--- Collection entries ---
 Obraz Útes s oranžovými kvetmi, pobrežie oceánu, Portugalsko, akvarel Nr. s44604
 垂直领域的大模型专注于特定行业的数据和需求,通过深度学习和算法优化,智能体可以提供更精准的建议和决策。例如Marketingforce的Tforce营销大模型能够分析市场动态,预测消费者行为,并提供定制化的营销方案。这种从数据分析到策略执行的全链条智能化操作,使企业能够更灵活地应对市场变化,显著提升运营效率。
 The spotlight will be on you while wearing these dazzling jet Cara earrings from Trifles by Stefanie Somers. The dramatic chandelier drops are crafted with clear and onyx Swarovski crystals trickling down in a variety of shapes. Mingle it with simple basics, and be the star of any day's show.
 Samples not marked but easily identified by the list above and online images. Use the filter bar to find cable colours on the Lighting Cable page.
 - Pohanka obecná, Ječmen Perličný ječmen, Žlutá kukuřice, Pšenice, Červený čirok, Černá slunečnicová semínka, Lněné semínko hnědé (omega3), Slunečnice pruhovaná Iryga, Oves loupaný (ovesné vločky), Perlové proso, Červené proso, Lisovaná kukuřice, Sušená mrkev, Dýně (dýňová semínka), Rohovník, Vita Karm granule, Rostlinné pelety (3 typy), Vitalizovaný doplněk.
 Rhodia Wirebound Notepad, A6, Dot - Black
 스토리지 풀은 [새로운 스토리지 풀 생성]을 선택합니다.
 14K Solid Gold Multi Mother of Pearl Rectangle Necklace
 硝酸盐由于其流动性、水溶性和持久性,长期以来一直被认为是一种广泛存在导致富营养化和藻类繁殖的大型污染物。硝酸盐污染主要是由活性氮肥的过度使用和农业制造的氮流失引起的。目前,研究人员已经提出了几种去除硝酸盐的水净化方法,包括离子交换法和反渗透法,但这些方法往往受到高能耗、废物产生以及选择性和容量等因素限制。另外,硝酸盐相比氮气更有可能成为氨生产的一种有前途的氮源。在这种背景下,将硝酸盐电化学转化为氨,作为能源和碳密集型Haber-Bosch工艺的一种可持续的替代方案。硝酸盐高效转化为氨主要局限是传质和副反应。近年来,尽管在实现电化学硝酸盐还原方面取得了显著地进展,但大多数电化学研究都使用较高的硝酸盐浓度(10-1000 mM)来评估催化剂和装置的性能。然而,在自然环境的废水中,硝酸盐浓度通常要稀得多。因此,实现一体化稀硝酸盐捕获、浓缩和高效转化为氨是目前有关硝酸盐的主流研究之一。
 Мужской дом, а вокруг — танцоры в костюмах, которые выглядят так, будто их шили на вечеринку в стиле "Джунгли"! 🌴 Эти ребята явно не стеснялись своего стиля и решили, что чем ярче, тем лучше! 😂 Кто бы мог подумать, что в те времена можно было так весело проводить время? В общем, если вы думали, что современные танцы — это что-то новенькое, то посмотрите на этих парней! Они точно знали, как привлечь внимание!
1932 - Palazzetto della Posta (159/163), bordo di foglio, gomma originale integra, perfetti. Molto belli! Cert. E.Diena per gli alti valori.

--- WHAT THIS TASK INVOLVES ---
Take the line above containing "The spotlight will", the line containing "14K Solid Gold", and all lines in between, and copy them exactly without anything else.

--- SOLUTION TO THIS PROBLEM ---
 The spotlight will be on you while wearing these dazzling jet Cara earrings from Trifles by Stefanie Somers. The dramatic chandelier drops are crafted with clear and onyx Swarovski crystals trickling down in a variety of shapes. Mingle it with simple basics, and be the star of any day's show.
 Samples not marked but easily identified by the list above and online images. Use the filter bar to find cable colours on the Lighting Cable page.
 - Pohanka obecná, Ječmen Perličný ječmen, Žlutá kukuřice, Pšenice, Červený čirok, Černá slunečnicová semínka, Lněné semínko hnědé (omega3), Slunečnice pruhovaná Iryga, Oves loupaný (ovesné vločky), Perlové proso, Červené proso, Lisovaná kukuřice, Sušená mrkev, Dýně (dýňová semínka), Rohovník, Vita Karm granule, Rostlinné pelety (3 typy), Vitalizovaný doplněk.
 Rhodia Wirebound Notepad, A6, Dot - Black
 스토리지 풀은 [새로운 스토리지 풀 생성]을 선택합니다.
 14K Solid Gold Multi Mother of Pearl Rectangle Necklace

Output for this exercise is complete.